Core counties within large metro areas contracted 16% year over year on a four-quarter moving average basis. Compared with the previous quarter, the market declined another 3.2 percentage points.
More broadly, single-family construction in non-rural areas fell 9.2%. That category includes counties in small and large metros.
Large metro core counties have lost an average of 0.1 percentage points in market share each quarter for the past decade. The pace of decline accelerated after the pandemic.
This geography accounted for 14.7% of single-family permits in the first quarter. That was down 1.3 percentage points from a year earlier and 4.1 percentage points from a decade ago.
Large metro suburban counties followed a similar trend. Their market share fell 3.3 percentage points over the past decade.

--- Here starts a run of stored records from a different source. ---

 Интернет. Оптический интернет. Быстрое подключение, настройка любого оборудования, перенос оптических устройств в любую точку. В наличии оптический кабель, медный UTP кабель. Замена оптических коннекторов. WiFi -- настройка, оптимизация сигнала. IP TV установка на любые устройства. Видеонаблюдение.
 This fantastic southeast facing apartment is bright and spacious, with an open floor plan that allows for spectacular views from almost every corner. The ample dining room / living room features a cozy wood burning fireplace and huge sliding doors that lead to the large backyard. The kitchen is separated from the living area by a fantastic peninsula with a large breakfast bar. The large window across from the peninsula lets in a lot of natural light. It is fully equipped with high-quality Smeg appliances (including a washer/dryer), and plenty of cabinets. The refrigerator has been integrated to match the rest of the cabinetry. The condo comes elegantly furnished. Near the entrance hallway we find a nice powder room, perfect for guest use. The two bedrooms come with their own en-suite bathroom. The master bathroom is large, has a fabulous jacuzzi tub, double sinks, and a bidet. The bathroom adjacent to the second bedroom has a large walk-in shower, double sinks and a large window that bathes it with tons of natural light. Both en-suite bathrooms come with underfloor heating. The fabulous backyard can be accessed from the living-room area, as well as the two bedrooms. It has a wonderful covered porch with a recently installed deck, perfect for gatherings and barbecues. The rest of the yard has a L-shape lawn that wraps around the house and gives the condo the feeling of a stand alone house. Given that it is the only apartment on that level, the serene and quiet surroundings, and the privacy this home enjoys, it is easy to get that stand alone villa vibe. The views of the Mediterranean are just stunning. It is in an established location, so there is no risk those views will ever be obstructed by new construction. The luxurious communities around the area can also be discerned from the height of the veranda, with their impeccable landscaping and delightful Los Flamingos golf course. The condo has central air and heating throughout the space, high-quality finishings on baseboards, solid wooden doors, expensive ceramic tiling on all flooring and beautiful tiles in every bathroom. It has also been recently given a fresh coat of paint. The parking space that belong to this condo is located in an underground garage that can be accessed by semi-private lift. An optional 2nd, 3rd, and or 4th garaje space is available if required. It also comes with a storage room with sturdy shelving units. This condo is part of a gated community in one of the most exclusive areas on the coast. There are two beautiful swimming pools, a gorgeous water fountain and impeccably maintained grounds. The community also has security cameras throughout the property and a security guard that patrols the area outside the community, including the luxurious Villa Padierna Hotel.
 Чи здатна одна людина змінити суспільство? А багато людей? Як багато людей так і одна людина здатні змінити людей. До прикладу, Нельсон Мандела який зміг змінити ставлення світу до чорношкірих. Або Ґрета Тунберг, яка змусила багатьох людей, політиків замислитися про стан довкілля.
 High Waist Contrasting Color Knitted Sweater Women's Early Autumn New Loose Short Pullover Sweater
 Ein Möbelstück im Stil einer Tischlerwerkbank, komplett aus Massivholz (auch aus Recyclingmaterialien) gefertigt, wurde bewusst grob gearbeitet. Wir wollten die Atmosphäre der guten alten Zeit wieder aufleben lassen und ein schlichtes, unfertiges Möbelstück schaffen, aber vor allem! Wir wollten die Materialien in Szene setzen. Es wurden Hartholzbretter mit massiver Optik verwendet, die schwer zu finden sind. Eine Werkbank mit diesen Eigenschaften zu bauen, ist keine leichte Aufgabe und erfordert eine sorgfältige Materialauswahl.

By contrast, other geographies saw more even gains. Outlying counties in small metros recorded the largest gain from a decade ago, rising 1.9 percentage points. They also gained 0.7 percentage points from the first quarter of 2025.
The first-quarter HBGI showed these single-family market shares:
- 14.7% in large metro core counties
- 24.3% in large metro suburban counties
- 9.3% in large metro outlying counties
- 29.4% in small metro core counties
- 10.8% in small metro outlying areas
- 7% in micro counties
- 4.5% in non-metro/micro counties
Multifamily construction grew
Multifamily construction expanded across most markets in the first quarter. The exceptions were outlying counties in large metros and micro counties.
NAHB said those two geographies appear to be normalizing after consistent growth throughout 2025.
Large metro core counties posted the strongest multifamily gain in the first quarter at 20.8%. Activity accelerated after returning to positive growth in the fourth quarter of 2025.
Multifamily construction in non-rural counties also grew 10.5%. Growth in rural counties slowed from 11.4% in the previous quarter to 1.8% in the first quarter.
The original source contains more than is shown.